Alicyn Warren's Molly (1998) for digital video is a complex
essay using verbal, musical and visual elements in a montage on love, aging and death and the
decisions we all must face. This carefully crafted piece explores the composer's interest in the
interaction of sound and moving visual images. Molly is a border collie. When we choose
to love a dog whose life span is relatively short we also set ourselves up for loss. Layering
this prize-winning work with family photographs and documents from her girlhood, memories
of another border collie who was run over, and the death of her mother from cancer two years
before that all build to tell her personal story very powerfully. To live ignoring possible
loss every moment is a precious and good thing. Dr. Warren (b.1956) holds a Doctorate from
Columbia University.
With our art song orientation, we found Frank Felice's (b.1961) crisp,
sparkling and intriguing use of the human voice in his choral pieces a high point of this program.
In three poems by Tara Lynn Smith (née Ericksen) Dr. Felice expresses his love for autumn in
exciting settings called Autumn Portraits. Composed in 1984, his first choral piece
What is Beauty but a Breath was written for his senior recital for the renowned Concordia Choir.

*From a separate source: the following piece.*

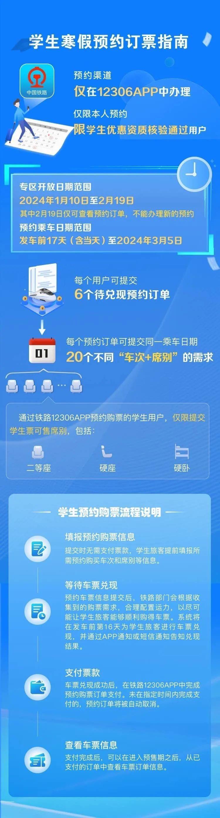 學(xué)生、務(wù)工人員通過(guò)鐵路12306專區(qū)購(gòu)買(mǎi)春運(yùn)期間火車票,可提交開(kāi)車前17天(含)以上的出行購(gòu)票需求,最晚可預(yù)約3月5日的車票。符合條件的旅客朋友可在開(kāi)車前17天23時(shí)前在12306手機(jī)客戶端提交購(gòu)票需求,在開(kāi)車前16天查詢兌現(xiàn)結(jié)果,須在開(kāi)車前第16天23時(shí)前,通過(guò)12306手機(jī)客戶端預(yù)約專區(qū)支付票款,逾期未支付的,訂單自動(dòng)取消;兌現(xiàn)成功后逾期未支付達(dá)到5次的,不再提供預(yù)約購(gòu)票服務(wù)。

The layered sound was set as an English madrigal of the 14th century.
The text of the third setting Heiligenstadt is a little poem
written by Beethoven and translated and adapted by the composer. The beauty of the
setting and the incredible sadness of the text combine to make a very moving experience.
Frank Felice grew-up in Montana. His participation in
a number of rock bands led to his interest in composition. He studied at Concordia College in
Minnesota, the University of Colorado and Butler University. He completed his Ph.D. at the
University of Minnesota in 1998.
Brian Robinson (b.1964) is active in the Boston area and currently
teaches at the Massachusetts Institute of Technology. His piece Charmonium for harpsichord and
chamber orchestra was well served by the precise playing of Oksana Lutsyshyn and the orchestra of fourteen of
Tidewater's finest musicians conducted by Andrey Kasparov. The title is from particle physics.
At times chunks, and at other times fragments of sound open into a propulsive soundscape with
exciting collisions. There are nearly tonal relaxed musical interludes. Do all of these
fun building blocks of sound actually create their own universe? For this listener the answer
is yes, at least until the final "ting" of the harpsichord. The lid of the harpsichord hid
the conductor but his ability to hold this complex piece together was never in doubt.